1. Auswirkung auf heiß-gewalzte SPA-H-Platten (im-gewalzten/TMCP-Zustand)
●Reduzieren Sie die Stärke leicht: Das Glühen fördert das Kornwachstum und beseitigt innere Spannungen, was zu einer Verringerung der Streckgrenze und Zugfestigkeit um 5–10 % führt (z. B. kann die Streckgrenze von 345 MPa auf 310–330 MPa sinken).
●Die Duktilität geringfügig verbessern: Die Dehnung kann um 1–2 % zunehmen, diese Änderung ist jedoch vernachlässigbar, da der Walzzustand bereits die Mindestdehnungsanforderung (15–22 %) erfüllt.
●Steigerung der Zähigkeit: Die Charpy V-Kerbschlagenergie bei Raumtemperatur kann von größer oder gleich 27 J auf größer oder gleich 35–40 J ansteigen, was für Anwendungen bei niedrigen-Temperaturen (z.

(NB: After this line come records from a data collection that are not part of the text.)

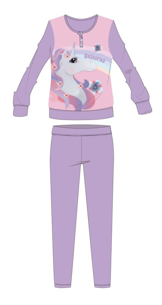Unikornis téli pamut gyerek pizsama - interlock pizsama - Unicorno felirattal - világoslila - 98
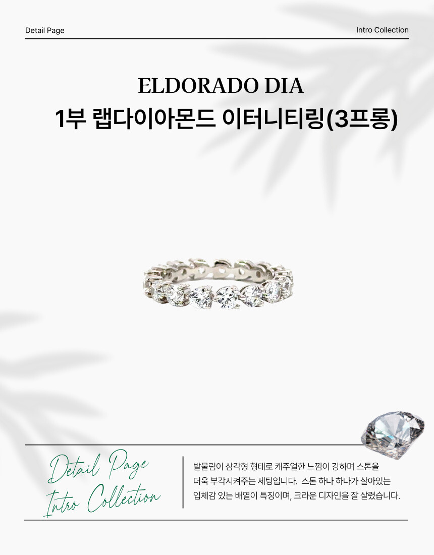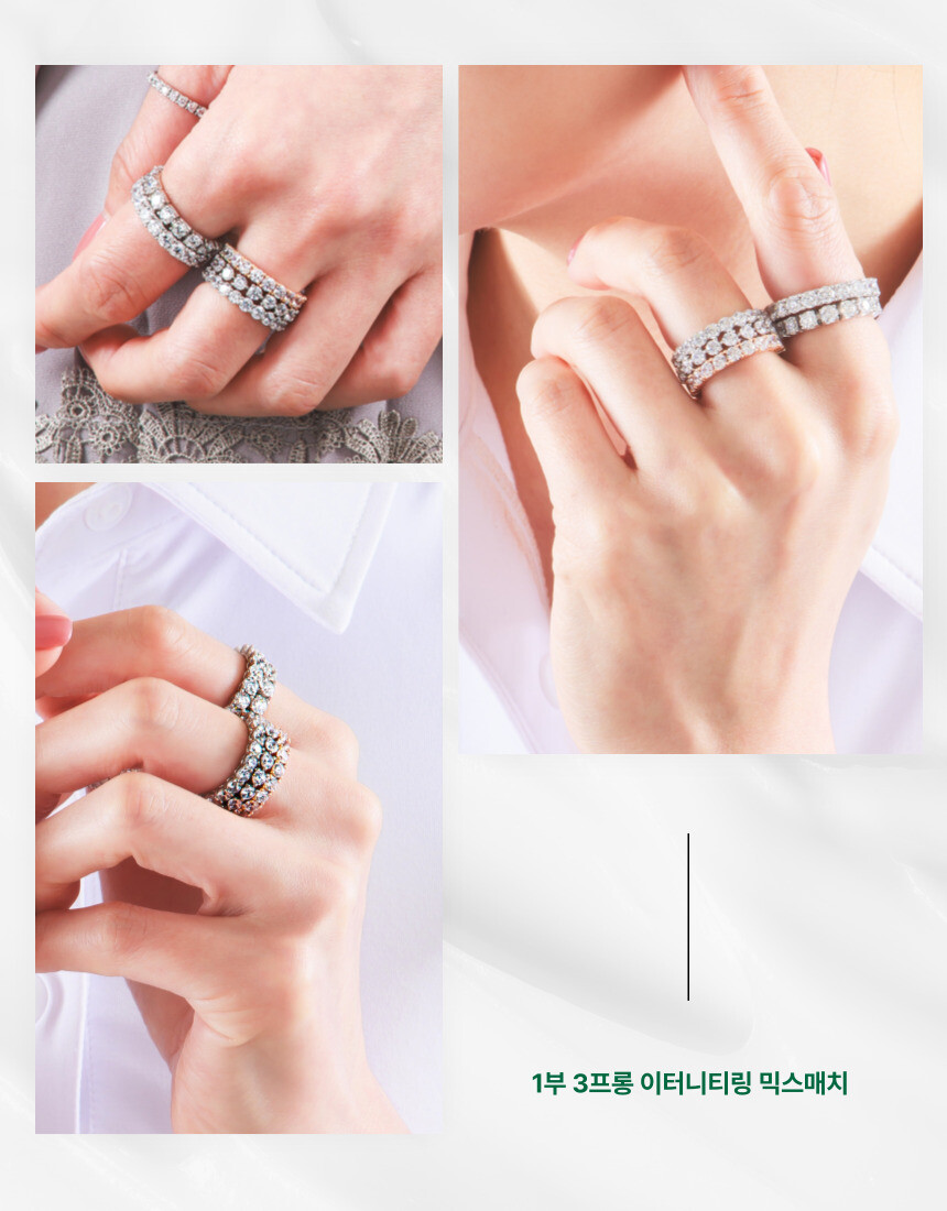 발물림 삼각형 형태로 캐주얼한 느낌이 강하며 스톤을 더욱 부각시켜주는 세팅입니다. 스톤 하나 하나가 살아있는 입체감 있는 배열리 특징이며, 크라운 디자인을 살렸습니다.
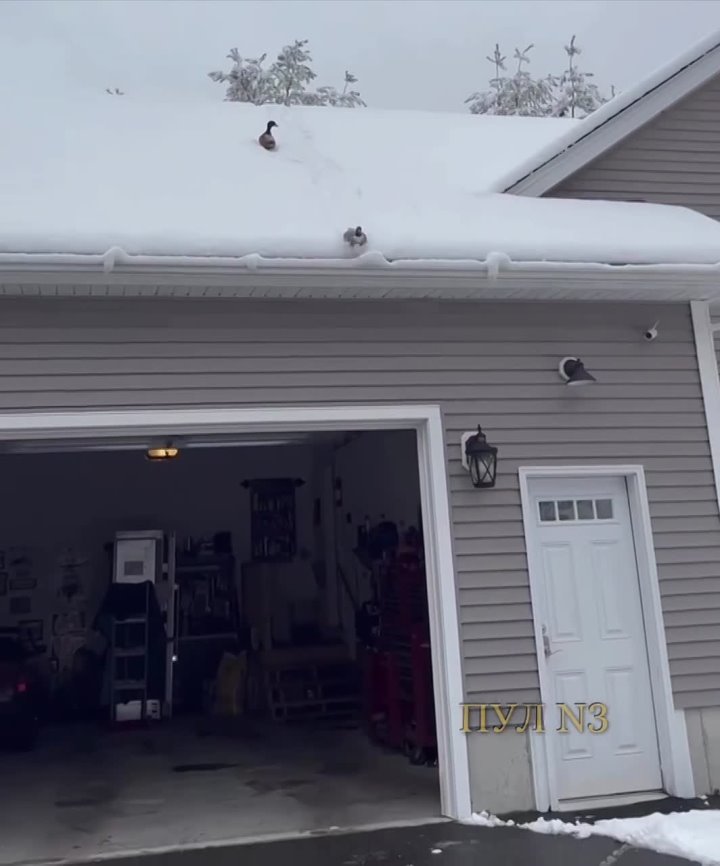 Утки поняли плюсы зимы:. В Канаде стая уток устроила «горки» на крыше дома

B. kalte Regionen) nützlich ist.
2. Auswirkung auf kalt-gewalzte SPA-H-Platten (kalt-gewalzter Zustand)
●Stellen Sie Duktilität und Formbarkeit wieder her: Vollständiges Glühen (Erhitzen auf 850–900 Grad, Halten, dann langsames Abkühlen) beseitigt die Kaltverfestigung, rekristallisiert die verformten Körner und erhöht die Dehnung wieder auf 22–25 %. Dadurch eignet sich die Platte für Präzisionsbearbeitungen wie Stanzen oder komplexes Biegen.
●Reduzieren Sie die Kraft auf das Ausgangsniveau: Die Streckgrenze sinkt von 420–450 MPa (kalt-gewalzter Zustand) zurück auf 335–345 MPa und entspricht damit der Festigkeit im warm-gewalzten Zustand.
●Verbesserung der Oberflächenqualität: Durch das Glühen werden Rollspuren und innere Spannungen entfernt, was zu einer gleichmäßigeren Oberfläche führt, die der späteren Patinabildung zugute kommt.